INPUT MATERIAL
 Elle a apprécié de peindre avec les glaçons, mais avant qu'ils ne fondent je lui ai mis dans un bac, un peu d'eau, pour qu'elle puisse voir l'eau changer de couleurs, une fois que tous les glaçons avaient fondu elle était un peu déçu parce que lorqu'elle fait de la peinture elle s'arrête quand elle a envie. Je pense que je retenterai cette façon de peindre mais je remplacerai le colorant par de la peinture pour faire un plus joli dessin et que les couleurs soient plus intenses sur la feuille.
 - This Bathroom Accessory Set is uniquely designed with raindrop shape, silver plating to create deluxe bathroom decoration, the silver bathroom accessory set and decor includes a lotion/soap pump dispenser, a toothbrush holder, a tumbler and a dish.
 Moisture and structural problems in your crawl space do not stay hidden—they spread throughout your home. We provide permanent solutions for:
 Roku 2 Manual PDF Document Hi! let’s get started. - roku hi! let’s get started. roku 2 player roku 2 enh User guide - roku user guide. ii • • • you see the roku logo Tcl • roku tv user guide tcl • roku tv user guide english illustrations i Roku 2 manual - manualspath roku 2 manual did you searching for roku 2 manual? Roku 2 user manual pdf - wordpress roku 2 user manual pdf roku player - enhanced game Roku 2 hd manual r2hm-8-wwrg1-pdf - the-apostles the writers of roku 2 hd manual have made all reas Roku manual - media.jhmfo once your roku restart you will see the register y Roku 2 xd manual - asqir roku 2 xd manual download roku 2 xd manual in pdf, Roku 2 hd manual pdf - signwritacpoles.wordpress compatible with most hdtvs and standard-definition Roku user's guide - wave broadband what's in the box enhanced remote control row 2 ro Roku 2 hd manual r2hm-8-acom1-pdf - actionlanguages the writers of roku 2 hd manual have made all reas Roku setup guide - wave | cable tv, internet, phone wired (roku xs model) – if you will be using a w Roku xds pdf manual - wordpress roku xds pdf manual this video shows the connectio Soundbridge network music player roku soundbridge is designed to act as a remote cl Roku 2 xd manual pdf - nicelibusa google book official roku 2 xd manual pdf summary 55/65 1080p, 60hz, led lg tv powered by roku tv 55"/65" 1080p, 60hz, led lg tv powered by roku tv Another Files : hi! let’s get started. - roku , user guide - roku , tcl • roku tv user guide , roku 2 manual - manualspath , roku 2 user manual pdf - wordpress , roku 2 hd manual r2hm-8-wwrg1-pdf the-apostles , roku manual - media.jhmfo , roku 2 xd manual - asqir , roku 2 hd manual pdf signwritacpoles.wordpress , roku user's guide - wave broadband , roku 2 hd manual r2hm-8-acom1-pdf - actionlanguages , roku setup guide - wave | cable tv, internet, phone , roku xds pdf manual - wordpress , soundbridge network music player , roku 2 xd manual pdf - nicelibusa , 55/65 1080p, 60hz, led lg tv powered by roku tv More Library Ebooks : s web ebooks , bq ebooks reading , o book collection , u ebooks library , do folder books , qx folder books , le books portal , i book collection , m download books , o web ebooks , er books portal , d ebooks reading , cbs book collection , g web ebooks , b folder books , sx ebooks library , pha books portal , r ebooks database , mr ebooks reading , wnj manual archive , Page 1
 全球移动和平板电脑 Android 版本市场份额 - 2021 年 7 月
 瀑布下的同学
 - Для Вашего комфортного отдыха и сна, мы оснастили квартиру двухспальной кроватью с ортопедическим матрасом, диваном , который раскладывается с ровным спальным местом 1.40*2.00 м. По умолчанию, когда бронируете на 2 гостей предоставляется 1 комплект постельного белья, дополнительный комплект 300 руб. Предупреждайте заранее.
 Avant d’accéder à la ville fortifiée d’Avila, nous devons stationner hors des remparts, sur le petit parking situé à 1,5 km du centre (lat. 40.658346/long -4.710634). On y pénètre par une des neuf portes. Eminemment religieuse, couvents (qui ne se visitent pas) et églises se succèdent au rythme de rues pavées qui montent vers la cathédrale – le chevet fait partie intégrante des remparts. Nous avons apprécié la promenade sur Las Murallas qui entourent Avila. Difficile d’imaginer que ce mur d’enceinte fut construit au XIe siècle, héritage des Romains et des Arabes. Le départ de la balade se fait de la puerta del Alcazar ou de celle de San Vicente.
--
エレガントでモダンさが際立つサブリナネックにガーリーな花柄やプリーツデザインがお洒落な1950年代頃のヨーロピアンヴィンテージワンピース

INSTRUCTIONS TO FOLLOW
Copy out the range of lines above starting at the line with "Elle a apprécié" and ending at the line with "Moisture and structural", exactly and including both.

TASK OUTPUT
 Elle a apprécié de peindre avec les glaçons, mais avant qu'ils ne fondent je lui ai mis dans un bac, un peu d'eau, pour qu'elle puisse voir l'eau changer de couleurs, une fois que tous les glaçons avaient fondu elle était un peu déçu parce que lorqu'elle fait de la peinture elle s'arrête quand elle a envie. Je pense que je retenterai cette façon de peindre mais je remplacerai le colorant par de la peinture pour faire un plus joli dessin et que les couleurs soient plus intenses sur la feuille.
 - This Bathroom Accessory Set is uniquely designed with raindrop shape, silver plating to create deluxe bathroom decoration, the silver bathroom accessory set and decor includes a lotion/soap pump dispenser, a toothbrush holder, a tumbler and a dish.
 Moisture and structural problems in your crawl space do not stay hidden—they spread throughout your home. We provide permanent solutions for:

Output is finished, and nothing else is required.